22 septembre.
Au panier? Ah bien ouiche! Je m'attendais à être saboulé, traité de propre à rien; mais je l'aime, votre lettre, je l'aime; elle m'a tiré d'une rude appréhension.
Vous me dites un tas de choses habilement trouvées; mais si vous croyez qu'elles vont m'encourager à écrire! C'est trop laborieux de vivre ses émotions doubles: sur soi, puis sur le papier. Pour ce qui est de composer, ce me serait bien impossible n'ayant de ma vie ouvert un traité d'harmonie. Je suis assez bon exécutant, j'adore la musique, j'en jouis très puissamment, mais c'est tout. Vous souvenez-vous de notre émotion si vivement partagée en écoutant la symphonie avec chœurs de Beethoven? L'ouïe a ses extases comme les autres sens.
Je me résous donc, mon amie, à profiter du génie des autres sans chercher en vain et douloureusement à m'en créer un propre. J'y pourrais échouer, tandis que rien ne m'empêche d'en rêver. Il y a une certaine saveur à se dire: peut-être aurais-je été cela? J'aime mieux résister à la faible tentative d'art, laquelle, mise à exécution, me prouverait que jamais je n'aurais été cela.

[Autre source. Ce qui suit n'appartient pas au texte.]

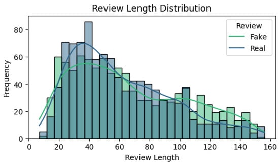 - Review Diversity: The dataset contains both human reviews and ChatGPT-rephrased reviews of varying lengths, ranging from 10 to 150 words to cover both short and long reviews. This variation captures diverse language structures, expressions, and levels of detail. Including reviews of different lengths enhances the model’s ability to generalize to real-world data. Figure 2 illustrates the distribution of review length over the dataset.
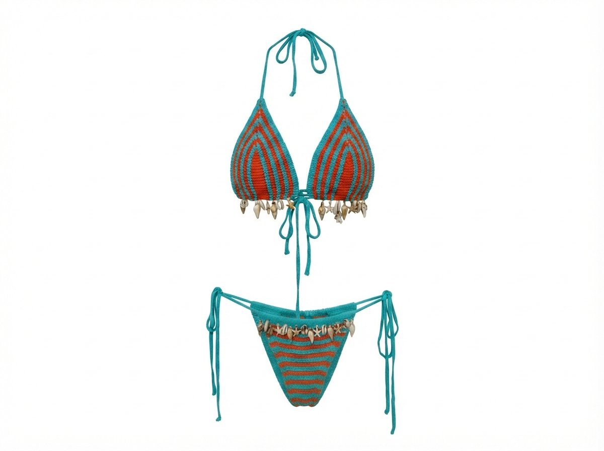 A striking crochet bikini featuring a sculpting wave-knit pattern and delicate shell trim. The Coastal Wave Shell Bikini Set includes an adjustable triangle top and tie-side bottoms for a flattering, customizable fit—perfect for beach clubs and sun-soaked escapes.

Adieu, je m'ennuie de vous, d'Hélène, de Nimerck, même de Gérald et de votre mère. Elle possède, la chère châtelaine aux cheveux blancs, une grâce créole que l'on retrouve chez tite-Lène et, à rares intervalles, chez vous. Enfin, que voulez-vous y faire? Je vous aime tous et vous demande des nouvelles pour vivre de votre vie.
CXLI
Denise à Philippe.
26 septembre.
Pourquoi ne venez-vous pas si vous vous ennuyez si fort de nous? Faut-il vous répéter: votre chambre vous attend toujours?
Les événements sont ici assez rares. Ces jours derniers, pourtant, j'en ai marqué un au livre d'or de la famille: Hélène a pris sa première leçon d'équitation. Gérald la lui donnait sur la pelouse. Nous regardions, mère et moi, assez émues, ce petit paquet si cher, secoué par le brave Darling.
Hélène en selle, ne me suis-je pas surprise à dire à l'animal: «Fais bien attention, Darling!»—Gérald en rit encore.